#### Your goal:
Although the records contain pictures, repeat only the text of every line exactly.

#### Provided data:
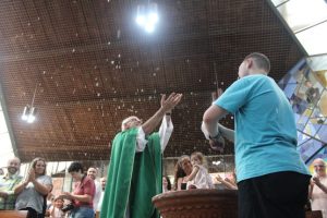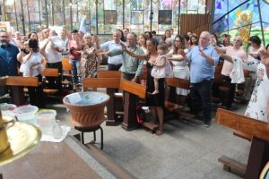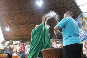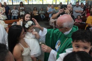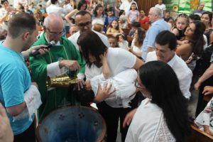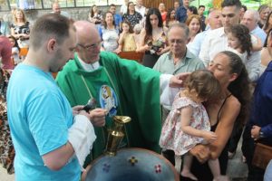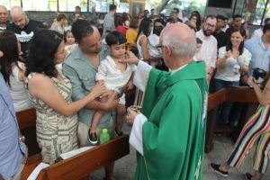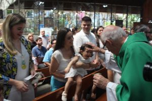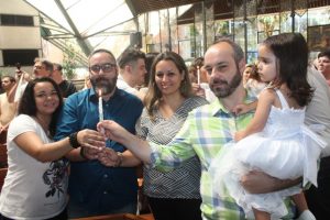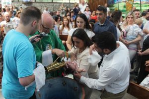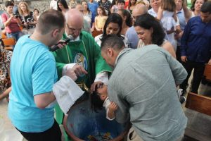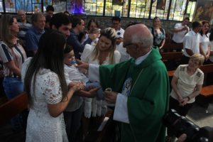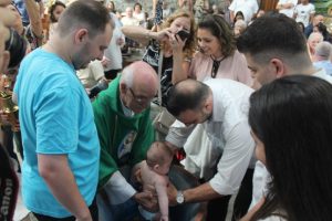 Receberam o sacramento do batismo o Arthur, Bernardo, Bianca, Davi, Estela, Iuri, Helena, Larissa, Leonardo, Maria Luiza, Martina, Melissa, Micaele, Sofia e o Tomaz.
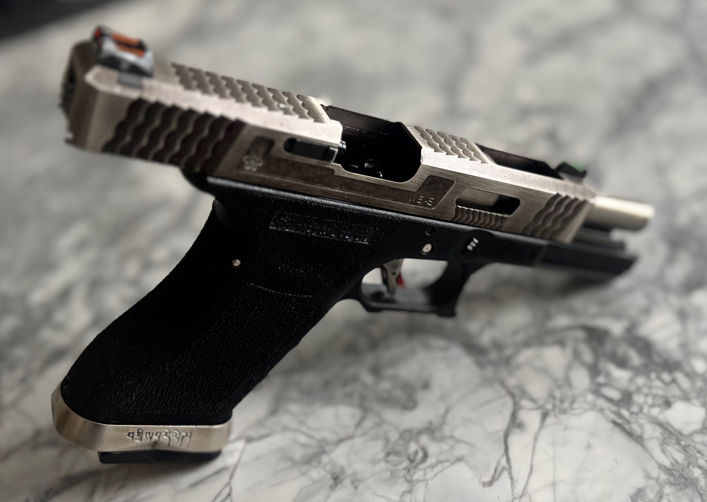 Unieke uitvoering die ik nog niet (vaak) voorbij heb zien komen met mooie tekeningen/markings op de slede en magwell.
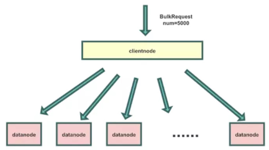 数据在写入ClientNode的时候,ClientNode会给BulkRequest的一批请求生成一个相同的随机值,目的是为了让写入的一批数据,都能写入相同的slot中。数据流转如图所示:
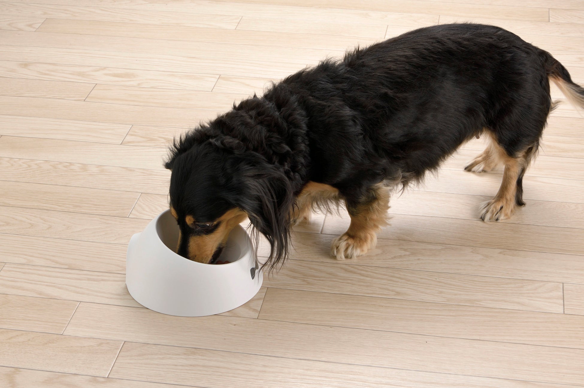 「乾きやすい食器」は食器を立てて乾かすことができるので、洗った後にシンク横にサッと置くことができ人用食器と分けることができます。立てて置くことで水はけもよく乾かせ、スペースも取りません。また、お椀型でフードが中央に集まりやすく、食べやすい形状です。サイズは超小型犬用と小型犬用の2サイズ、犬種によって深さを選べます。ゴム脚付きなので、食器がズレにくく床をキズつけません。
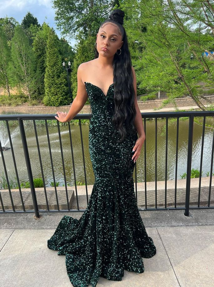 Mermaid Sparkly Dark Green Sequins Long Prom Dresses
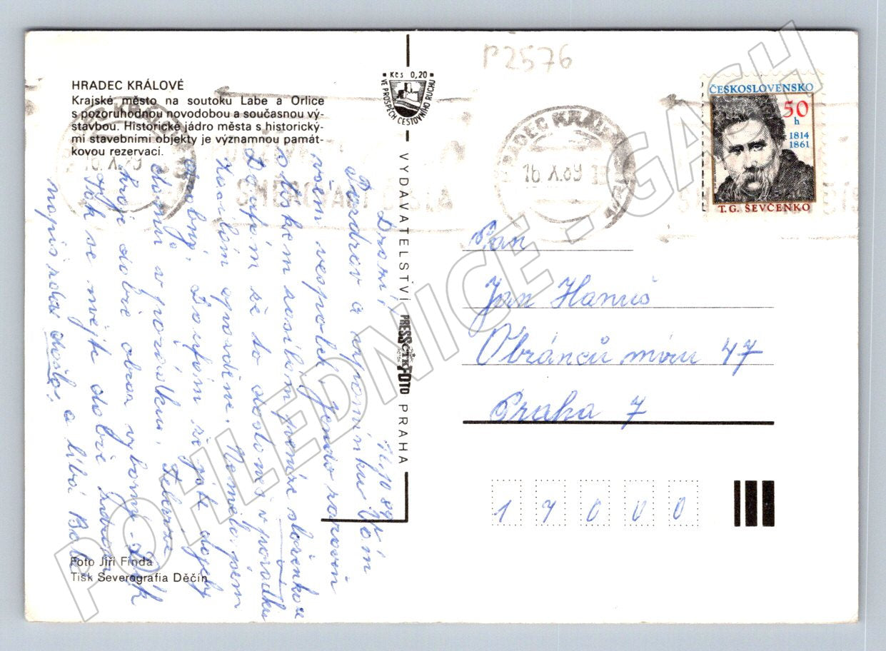 Hradec Králové – noční pohlednice, více záběrů, razítkovaná
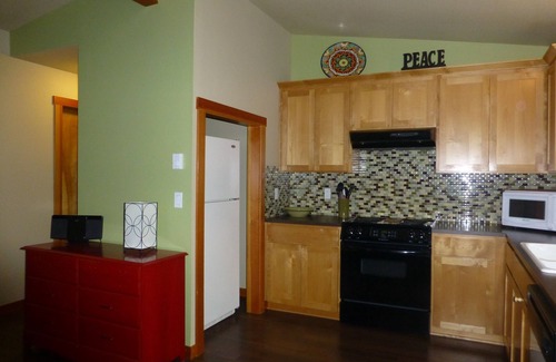 Unique offering designed for "TWO". COZY, spacious OPEN STUDIO layout with vaulted ceilings, electric fireplace, lots of windows, high-end bed with luxurious bedding, full kitchen, dining and living area, full bath with tub & shower. Amenities include smart 42" TV with NETFLIX provided, surround-sound Wifi sound bar to connect your MP3, phone or computer, fully furnished kitchen, quality bedding & towels and many more touches to make your visit memorable and comfortable.

#### Solution below:
 Receberam o sacramento do batismo o Arthur, Bernardo, Bianca, Davi, Estela, Iuri, Helena, Larissa, Leonardo, Maria Luiza, Martina, Melissa, Micaele, Sofia e o Tomaz.
 Unieke uitvoering die ik nog niet (vaak) voorbij heb zien komen met mooie tekeningen/markings op de slede en magwell.
 数据在写入ClientNode的时候,ClientNode会给BulkRequest的一批请求生成一个相同的随机值,目的是为了让写入的一批数据,都能写入相同的slot中。数据流转如图所示:
 「乾きやすい食器」は食器を立てて乾かすことができるので、洗った後にシンク横にサッと置くことができ人用食器と分けることができます。立てて置くことで水はけもよく乾かせ、スペースも取りません。また、お椀型でフードが中央に集まりやすく、食べやすい形状です。サイズは超小型犬用と小型犬用の2サイズ、犬種によって深さを選べます。ゴム脚付きなので、食器がズレにくく床をキズつけません。
 Mermaid Sparkly Dark Green Sequins Long Prom Dresses
 Hradec Králové – noční pohlednice, více záběrů, razítkovaná
 Unique offering designed for "TWO". COZY, spacious OPEN STUDIO layout with vaulted ceilings, electric fireplace, lots of windows, high-end bed with luxurious bedding, full kitchen, dining and living area, full bath with tub & shower. Amenities include smart 42" TV with NETFLIX provided, surround-sound Wifi sound bar to connect your MP3, phone or computer, fully furnished kitchen, quality bedding & towels and many more touches to make your visit memorable and comfortable.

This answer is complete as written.